Am I looking forward to tonight’s performance in the Lomax, which we organised ourselves? Sweet Jesus Corbett yes I am. I’m going to rock my prosthetic cock off. You see if I don’t.

Friday 27 January 2012

Relentlessly fabulous gravy training.

Thought I would give the New Year a chance to show me what it’s got before I started blathering on about anything. So far it has shown me nothing that previous years haven’t. January is cold and I’m broke. Thanks 2012, I see, I see very well.

In music news we’ve been beavering away recording stuff in Andy’s studio and it is sounding pretty immense. We still have some mixing to do and some artwork to finalise but the final thing should be ready in March. And in March we will be doing a gig in the Lomax to launch it. You heard it here first, unless you already knew, in which case you didn’t. If you feel the need to tell me that you already knew then feel free but know this: I already knew you knew. How does knowing that make you feel? Guess what: I already know.

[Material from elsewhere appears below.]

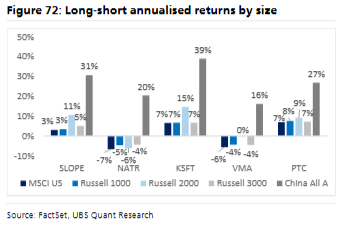 当瑞银量化分析师将中国市场的回测结果与美国市场进行基准比较时,差异极为明显。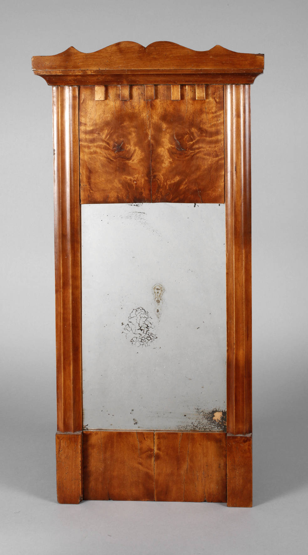 um 1840, Eisbirke auf Nadelholz furniert, originales Spiegelglas, Altersspuren, etwas rest.bed., Maße 86 x 40 cm.

Our plans have changed somewhat from before. Instead of one album for 2012 we’ll be doing two EPs. Track listing for the first one is:

  1. Curtains
  2. Kompressor
  3. Frank Bloke
  4. Suburban Regeneration Project
  5. Wear and Replace

That’s a preliminary running order there, so don’t be surprised if it changes. That’s what you’re getting though and it is going to rock your little corner of the world. If you listen to it. It is primarily an aural experience. So if you’re not going to listen to it don’t come crying to me if you find your world has not been rocked. Of course if it does rock your world and you haven’t actually listened to it I would like to know what you were doing with it in order for that to happen. If you want to send photographic evidence feel free.

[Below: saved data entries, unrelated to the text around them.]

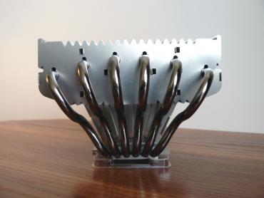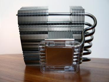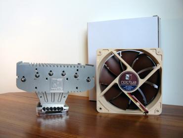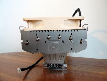 Priekinėje aušintuvo dalyje matome Noctua įspaustą logotipą. Radiatoriaus šonuose yra grioveliai rėmeliams, kurie skirti ventiliatoriaus tvirtinimui. Radiatoriaus paviršius, kuriuo jis montuojamas prie procesoriaus, nėra nupoliruotas iki veidrodinio spindesio. Jis tarsi su nedideliais, viena kryptimi orentuotais, grioveliais. Taipogi negalima nepastebėti plokštelių kraštų dantytumo.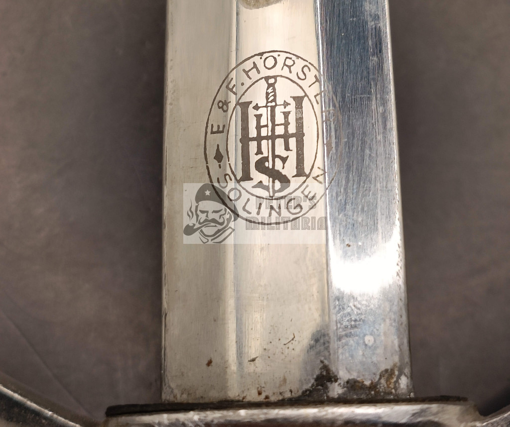 Nickel-plated blade in excellent condition, bearing acid-etched E. & F. Hörster, Solingen logo.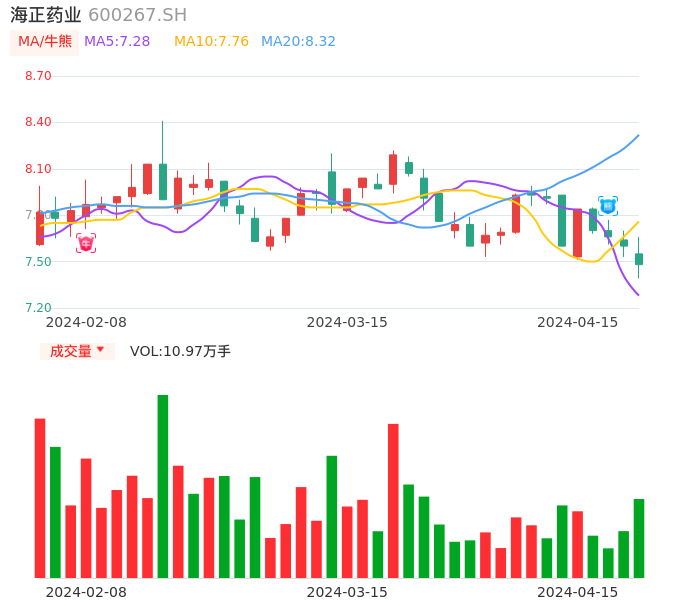 04月15日,海正药业收报7.48,股价涨幅-1.58%,成交金额8249.83万元,换手率0.92%。

We’re also lining up to play in the Lomax on the 17th of February. Not sure quite who will be on, but I need to get out and make some noise. I can hear my suit sobbing in the wardrobe, it keeps asking me why we don’t go out anymore. There’s only so many times you can tell a suit to be patient and I think we are nearing that number. Poor thing. It misses the excitement, the tension and the heavy lifting. So come along and make my suit feel wanted and loved. It thrives on affirmation.